● YOUR TASK
Among the entries below, only the lines from the one with "Nine Seven Patent" through the one with "首先,董事长戴子扬对无锡太湖" are wanted, reproduced exactly. Pictures are not wanted.

● DATA FOR THIS TASK
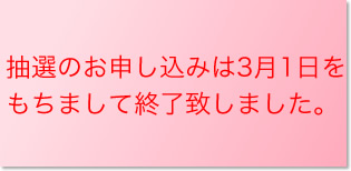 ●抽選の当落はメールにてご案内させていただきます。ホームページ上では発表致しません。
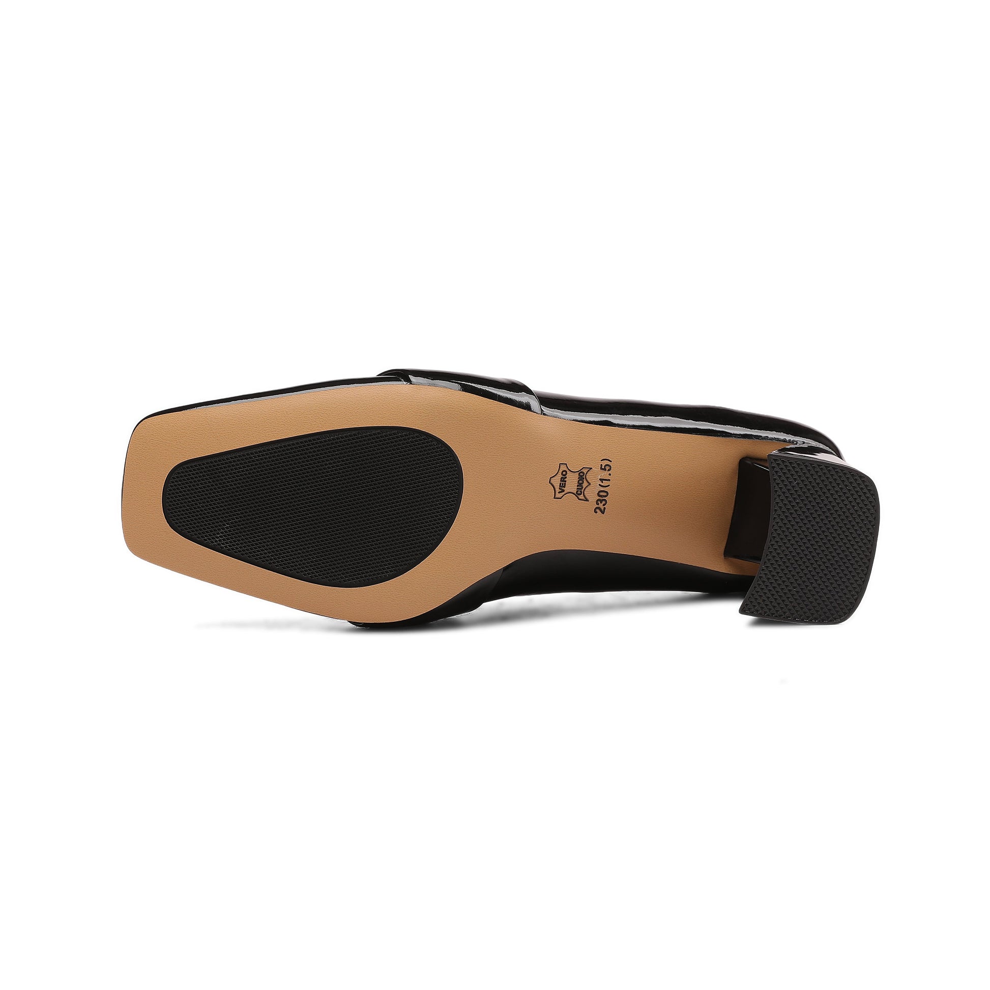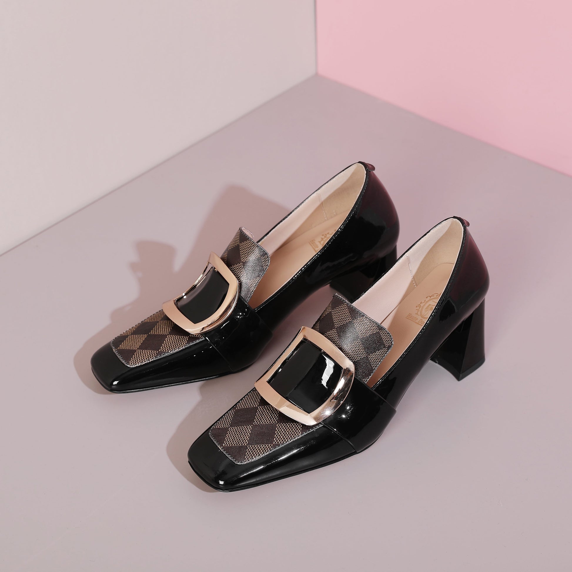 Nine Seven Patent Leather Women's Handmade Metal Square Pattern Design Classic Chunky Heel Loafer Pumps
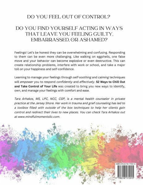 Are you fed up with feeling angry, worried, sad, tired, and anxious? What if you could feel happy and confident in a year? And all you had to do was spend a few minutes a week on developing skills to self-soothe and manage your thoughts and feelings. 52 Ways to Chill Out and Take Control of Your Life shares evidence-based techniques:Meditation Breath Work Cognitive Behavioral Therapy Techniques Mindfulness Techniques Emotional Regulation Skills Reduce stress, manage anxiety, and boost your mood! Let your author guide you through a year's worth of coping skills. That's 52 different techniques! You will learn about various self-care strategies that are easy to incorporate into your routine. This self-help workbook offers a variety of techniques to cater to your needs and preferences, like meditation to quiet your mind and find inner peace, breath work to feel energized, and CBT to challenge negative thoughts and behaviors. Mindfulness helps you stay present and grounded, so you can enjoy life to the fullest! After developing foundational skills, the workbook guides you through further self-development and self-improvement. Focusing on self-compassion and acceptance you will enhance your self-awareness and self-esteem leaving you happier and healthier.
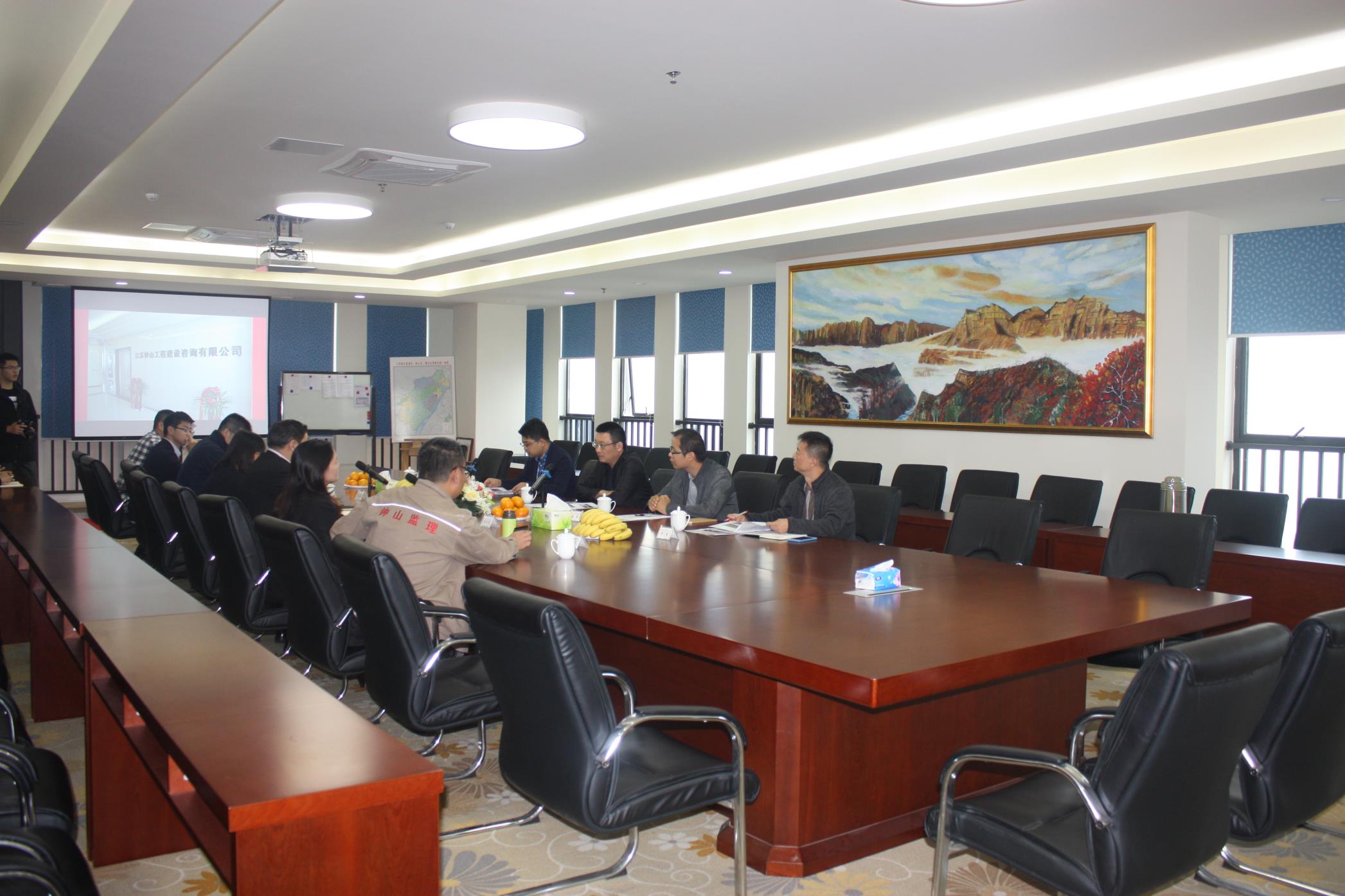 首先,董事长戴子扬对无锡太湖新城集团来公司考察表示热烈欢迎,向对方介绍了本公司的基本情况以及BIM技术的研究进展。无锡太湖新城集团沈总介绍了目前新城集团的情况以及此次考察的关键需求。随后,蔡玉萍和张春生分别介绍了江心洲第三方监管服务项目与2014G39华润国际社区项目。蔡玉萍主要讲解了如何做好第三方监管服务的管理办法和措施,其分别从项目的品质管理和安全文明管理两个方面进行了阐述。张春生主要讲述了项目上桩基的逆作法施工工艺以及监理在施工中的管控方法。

==

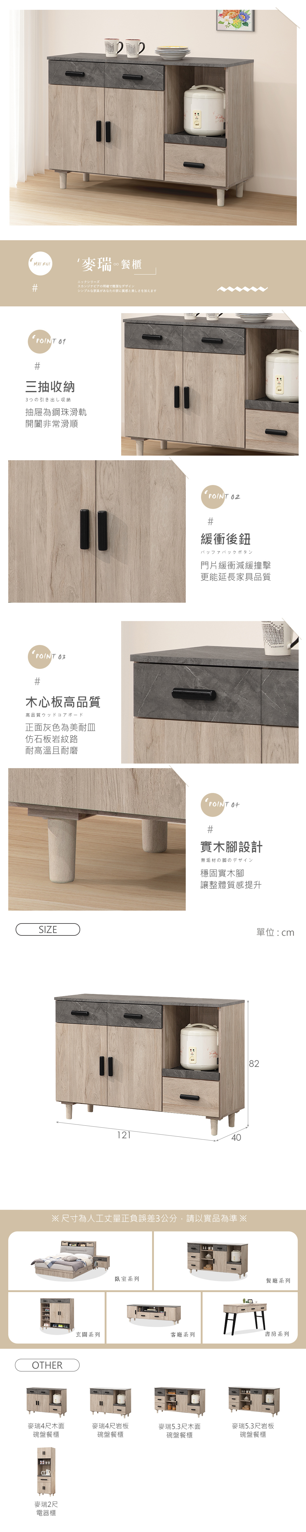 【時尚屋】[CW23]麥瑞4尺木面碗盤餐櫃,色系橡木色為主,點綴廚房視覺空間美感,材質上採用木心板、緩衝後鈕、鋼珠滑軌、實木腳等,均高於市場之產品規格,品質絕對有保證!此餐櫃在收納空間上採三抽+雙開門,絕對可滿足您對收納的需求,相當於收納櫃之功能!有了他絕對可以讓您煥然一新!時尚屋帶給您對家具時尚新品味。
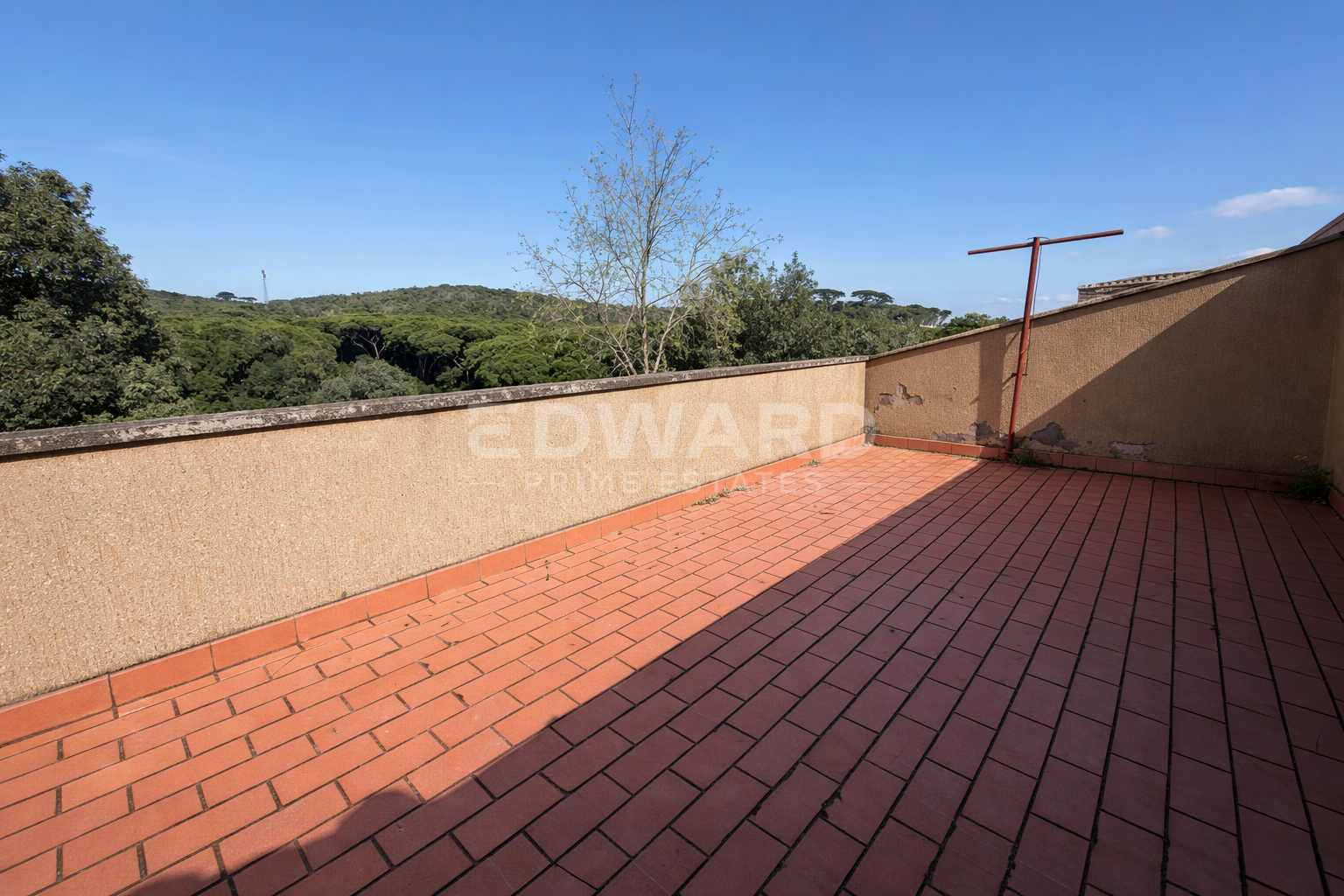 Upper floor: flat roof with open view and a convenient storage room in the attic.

--

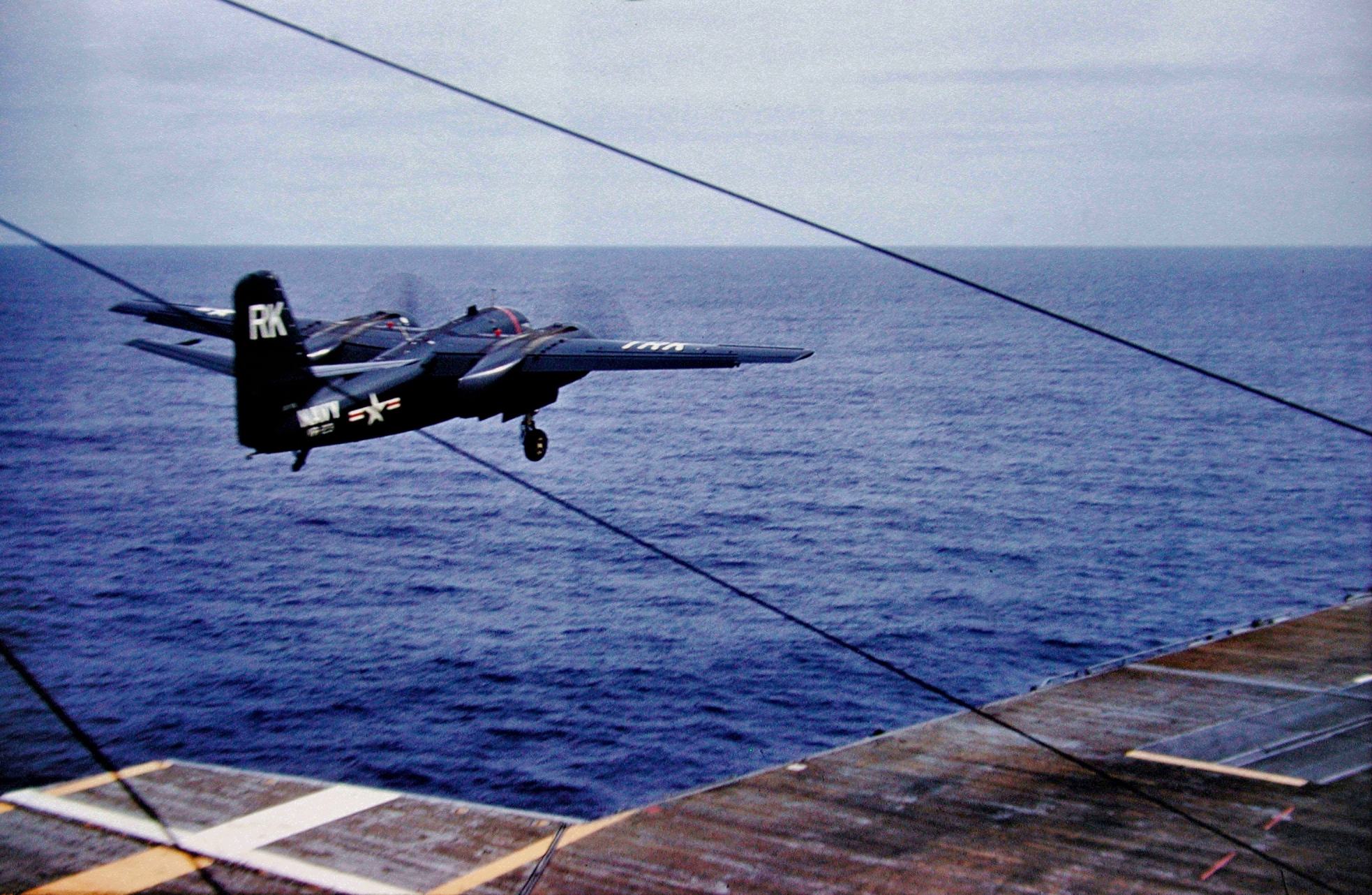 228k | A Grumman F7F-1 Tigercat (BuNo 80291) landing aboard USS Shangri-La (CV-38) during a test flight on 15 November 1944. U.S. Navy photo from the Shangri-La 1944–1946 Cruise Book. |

● TASK RESULT
 Nine Seven Patent Leather Women's Handmade Metal Square Pattern Design Classic Chunky Heel Loafer Pumps
 Are you fed up with feeling angry, worried, sad, tired, and anxious? What if you could feel happy and confident in a year? And all you had to do was spend a few minutes a week on developing skills to self-soothe and manage your thoughts and feelings. 52 Ways to Chill Out and Take Control of Your Life shares evidence-based techniques:Meditation Breath Work Cognitive Behavioral Therapy Techniques Mindfulness Techniques Emotional Regulation Skills Reduce stress, manage anxiety, and boost your mood! Let your author guide you through a year's worth of coping skills. That's 52 different techniques! You will learn about various self-care strategies that are easy to incorporate into your routine. This self-help workbook offers a variety of techniques to cater to your needs and preferences, like meditation to quiet your mind and find inner peace, breath work to feel energized, and CBT to challenge negative thoughts and behaviors. Mindfulness helps you stay present and grounded, so you can enjoy life to the fullest! After developing foundational skills, the workbook guides you through further self-development and self-improvement. Focusing on self-compassion and acceptance you will enhance your self-awareness and self-esteem leaving you happier and healthier.
 首先,董事长戴子扬对无锡太湖新城集团来公司考察表示热烈欢迎,向对方介绍了本公司的基本情况以及BIM技术的研究进展。无锡太湖新城集团沈总介绍了目前新城集团的情况以及此次考察的关键需求。随后,蔡玉萍和张春生分别介绍了江心洲第三方监管服务项目与2014G39华润国际社区项目。蔡玉萍主要讲解了如何做好第三方监管服务的管理办法和措施,其分别从项目的品质管理和安全文明管理两个方面进行了阐述。张春生主要讲述了项目上桩基的逆作法施工工艺以及监理在施工中的管控方法。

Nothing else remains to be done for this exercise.